Ocaso de un truhan

El estereotipo del latin lover sirvió de justificación cultural: un modo de exhibir como encanto personal lo que actualmente se percibe como un desequilibrio de autoridad. Bajo ese sello Julio Iglesias construyó el dominio melódico más firme del pasado hispano: un sistema de atracción colectiva que transformó a un guardameta de balompié fallido en un anhelo universal cuyos temas se escuchaban en todo vehículo o local nocturno del planeta. Su escalada resultó ser una maniobra de diseño mercantil promovida por su representante. Gracias al apoyo del sector y de importantes firmas de comunicación, se le diseñó un perfil personalizado donde convergían la estampa del seductor pícaro y una elaboración sonora sumamente detallada. De esta manera se convirtió a un intérprete de registro “pequeña” —según sus propias palabras— en un emblema mundial: el del galán incansable, nutrido mediante anécdotas ligeras. Incluso su ascendencia materna sefardí se integraba en el relato: “Soy judío de la cintura para arriba; de la cintura para abajo soy internacional”.

El número mítico de las “tres mil mujeres” constituía un recurso de branding: una exageración celebrada que reforzaba su posición de varón dominante. ¿Qué imagen transmitía a la sociedad, entre anhelos, aquel individuo de sonrisa reluciente, tez morena y calzado sin medias para que el criterio común se detuviera, al mostrarse con un comportamiento “sobona” en televisión? Un representante distinto cuenta que, en una ocasión en Santo Domingo, le dio un beso en los labios a una mujer tras haberle cocinado un pescado excelente, a modo de gratitud por “cuidarlo”.
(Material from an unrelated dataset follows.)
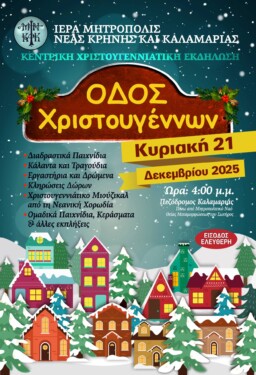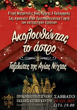 Η Χριστουγεννιάτικη Εκδήλωση των Κατηχητικών Σχολείων της Ιεράς Μητρόπολης Νέας Κρήνης και Καλαμαριάς φέτος φέρει τον τίτλο “Ακολουθώντας το άστρο: Ταξιδιώτες της Αγίας Νύχτας”. Θα πραγματοποιηθεί το Σάββατο 20 Δεκεμβρίου 7 μ.μ. στο Προκόπειο Πολυδύναμο Εκκλησιαστικό Κέντρο.

Exempleadas denuncian un régimen de coacción en villas de lujo
Las acusaciones presentadas ante la Fiscalía no evocan una historia de amor, sino una situación de semiesclavitud sexual. Los relatos de antiguas empleadas —mujeres de corta edad, humildes y desprotegidas— detallan un sistema opresivo en mansiones exclusivas, muy lejos del brillo de las revistas.
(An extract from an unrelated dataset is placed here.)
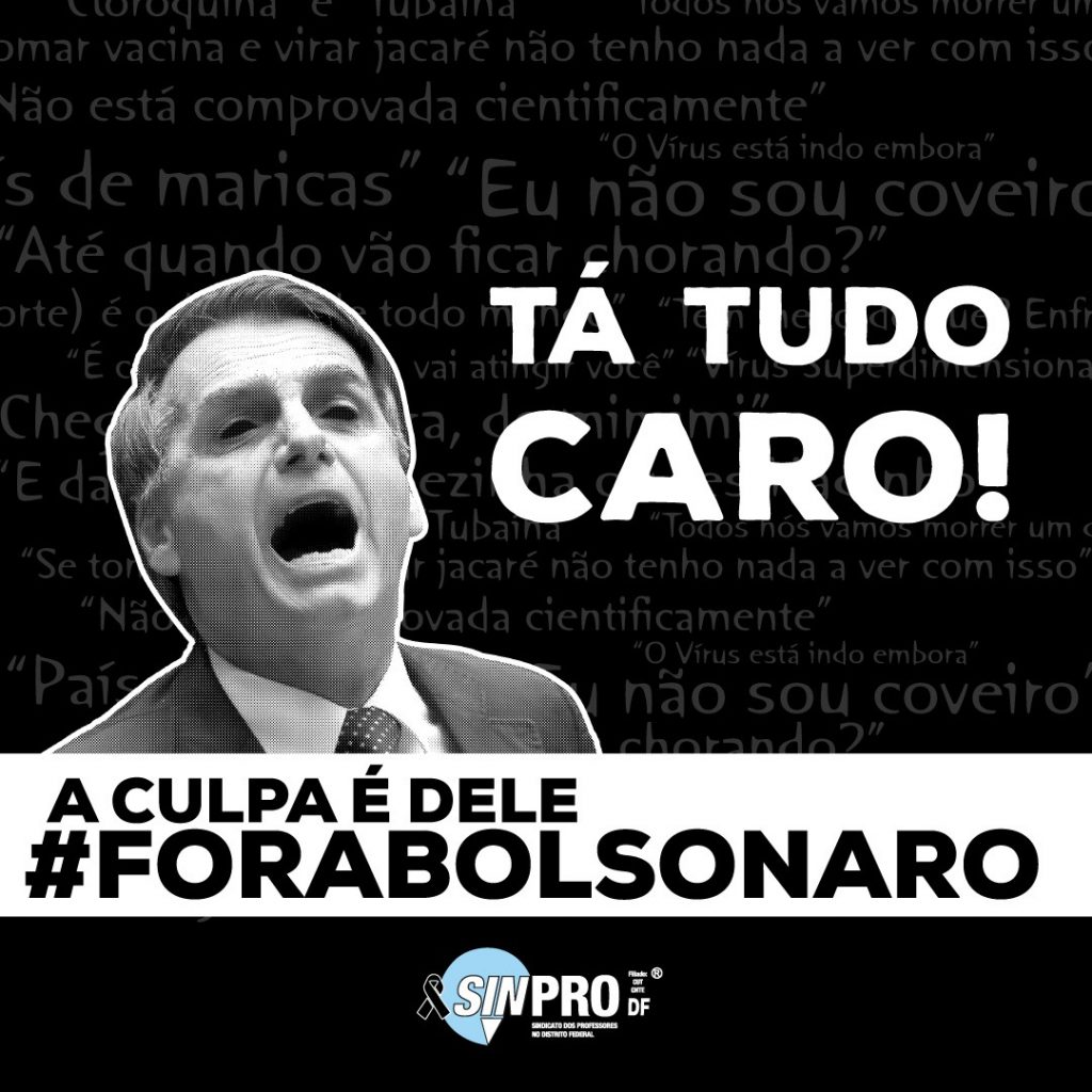 Não bastasse esta avalanche de altas, a inflação está pior a cada dia, o governo trabalha incessantemente para aprovar projetos de lei contra a classe trabalhadora e o futuro se torna cada vez mais nebuloso. Diante de todos estes argumentos, para você de quem é a culpa da alta nos preços em praticamente tudo no Brasil? Tá tudo caro – A culpa é dele: Fora Bolsonaro!

¿Cuál ha sido la respuesta política? Resulta previsible que Ayuso se integre en el grupo que aviva las batallas culturales. Proteger a la figura mencionando a Irán constituye una maniobra absurda: la táctica de quien, ante un referente nacional cuestionado, desvía la atención del perjuicio para transformarlo en herramienta política. Su vehemencia choca con la prudencia de Feijóo, el cual —aun manteniendo un vínculo personal con el artista— admite la importancia del asunto y solicita una indagación. El “me va, me va” tal vez no representó una oda a la alegría, sino más bien el trasfondo musical —o el rastro sombrío— de una época en la que los excesos se ocultaban tras la apariencia de seducción latina.